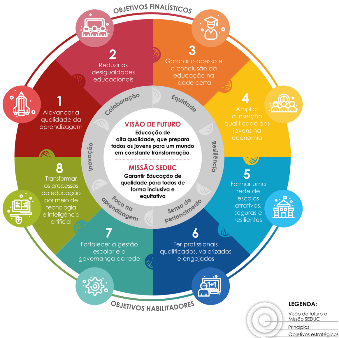
Figura 1 - Mandala da Agenda da Educação 2025-2035

Sendo assim, os objetivos da Agenda da Educação 2025-2035 são direcionados para uma educação de qualidade, inclusiva e equitativa, alinhada aos desafios e demandas da sociedade. Os objetivos são divididos em finalísticos e habilitadores e cada um possui metas associadas. Os objetivos habilitadores visam criar condições de gestão e organização, incorporando novas tecnologias e inteligência artificial. Já os objetivos finalísticos descrevem, de forma qualitativa, os principais resultados relacionados à visão de futuro da Secretaria de Educação do Rio Grande do Sul.
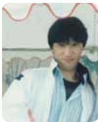
在学時は「サエラ」(テニスサークル)で活動していました
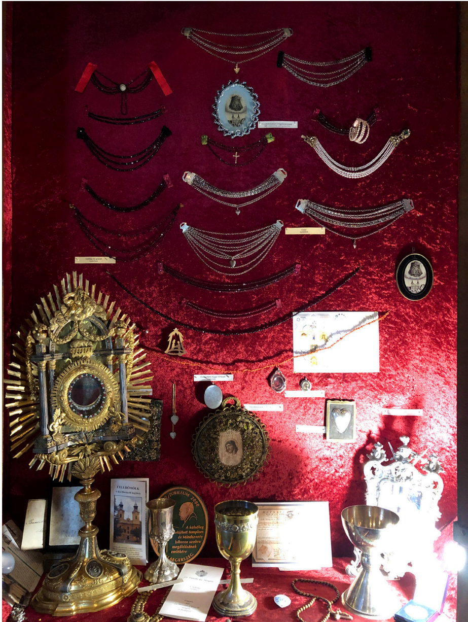
Obr. 2 Liturgické nádoby uložené v uzamknutej vitríne pokladnice pútnického kostola v Kismáriazelli (Celdömölku). Foto: 04/2022.

- Task to carry out
Go through the listing and restate each line word for word, leaving out the pictures.

- Task output
Figura 1 - Mandala da Agenda da Educação 2025-2035

Sendo assim, os objetivos da Agenda da Educação 2025-2035 são direcionados para uma educação de qualidade, inclusiva e equitativa, alinhada aos desafios e demandas da sociedade. Os objetivos são divididos em finalísticos e habilitadores e cada um possui metas associadas. Os objetivos habilitadores visam criar condições de gestão e organização, incorporando novas tecnologias e inteligência artificial. Já os objetivos finalísticos descrevem, de forma qualitativa, os principais resultados relacionados à visão de futuro da Secretaria de Educação do Rio Grande do Sul.
在学時は「サエラ」(テニスサークル)で活動していました
Obr. 2 Liturgické nádoby uložené v uzamknutej vitríne pokladnice pútnického kostola v Kismáriazelli (Celdömölku). Foto: 04/2022.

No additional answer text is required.